The CoIP® Overlay builds a virtual network to serve application traffic. This virtual network is decoupled from the physical network, and can use a separate IP space from the physical network or can be configured to use the same IP space as the physical network. It enables applications to connect across any physical network boundary, such as an organizational perimeter, a VLAN boundary, or a firewall, without connecting the networks together with a VPN. It supports any TCP, UDP, or ICMP application, and is the fundamental technology driving the CoIP Access ZTNA.
Benefits of the CoIP Overlay
The CoIP Overlay provides numerous security and operational benefits, including:
Makes the use of VPN for remote application connectivity optional, allowing different network domains to remain disconnected for better security
Supports simultaneous access to applications or resources in different network domains
Builds dynamic connectivity as allowed by policy – no static connectivity that can be abused
Moving valid application traffic to an overlay allows administrators to block traffic on the physical network (e.g. exposed ports used for RDP or Powershell)
The CoIP Overlay can optionally be used with existing PKI infrastructure, enabling existing network security devices such as firewalls to continue to inspect overlay traffic.
Types of Overlay Connections
CoIP WAN connections are built between endpoints in different network domains, that do not have a physical routing path between them. A CoIP WAN connection transits through the ZNS data services layer, encrypted in TLS 1.3 tunnels for security.

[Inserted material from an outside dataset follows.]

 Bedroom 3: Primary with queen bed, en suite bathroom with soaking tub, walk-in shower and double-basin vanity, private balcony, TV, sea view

CoIP LAN connections are built between endpoints in the same network domain, where the two devices have a physical routing path between them. CoIP LAN connections use port TCP 9797 by default, and may optionally use TLS 1.3 to encrypt tunnels.
The benefit of using CoIP LAN over direct, point-to-point routes is that it enables applications such as RDP to run normally, even though TCP port 3389 has been blocked by an Application Chamber. This is a required step for any solution to achieve the "default deny" model for Zero Trust security.

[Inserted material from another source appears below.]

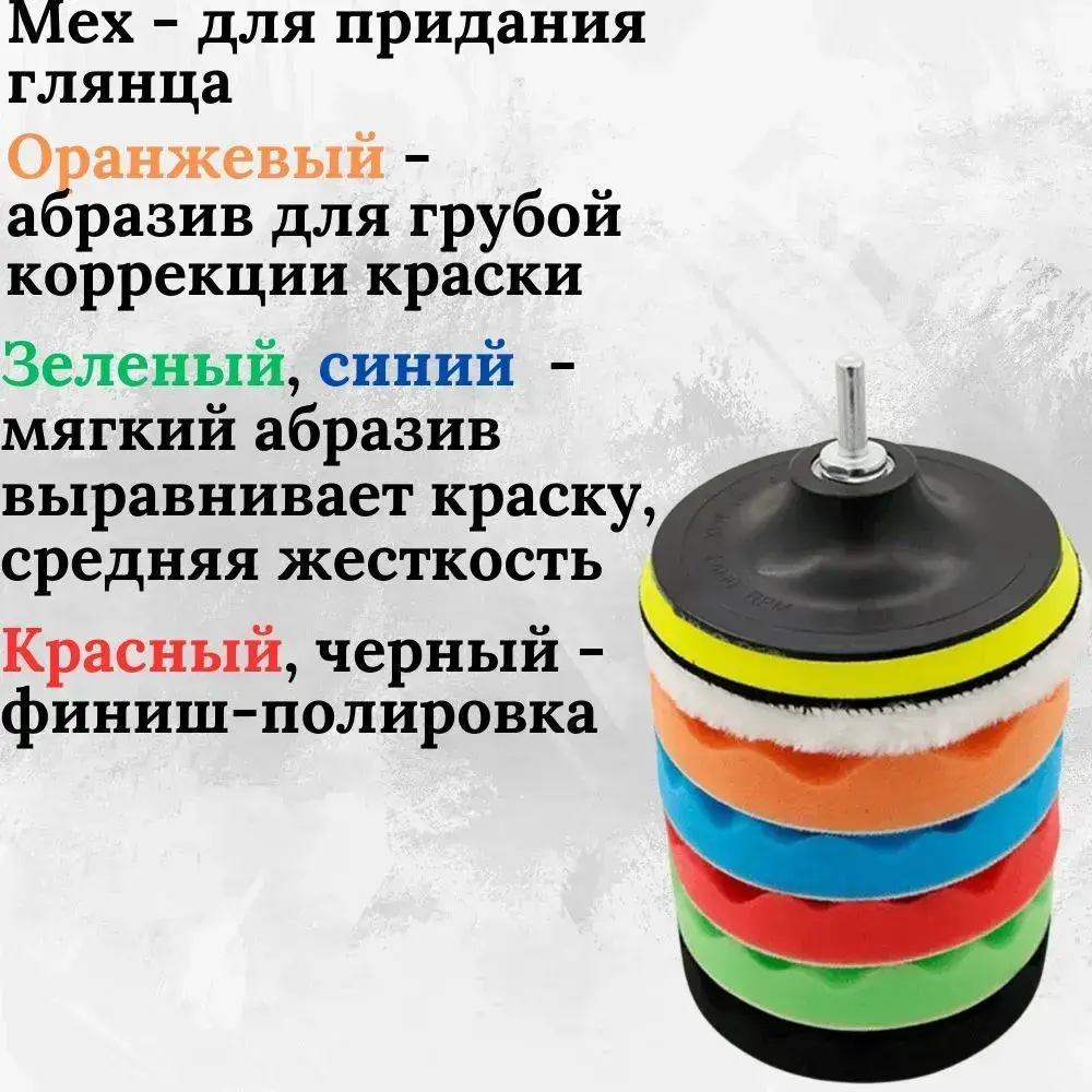 Набор Круги полировальные на липучке для полировки кузова авто и фар 180 мм

The CoIP Overlay works by assigning each endpoint a new address in an overlay address space, which can be used by applications to reach remote applications. The overlay address space consists of the full 2^32 range, although it is generally a good practice to choose blocks from the RFC1918 space, to avoid overlaying publicly routable IPs.
The overlay space may also overlap the existing physical network, meaning that overlay connectivity can be added without adjusting IP addressing for existing applications.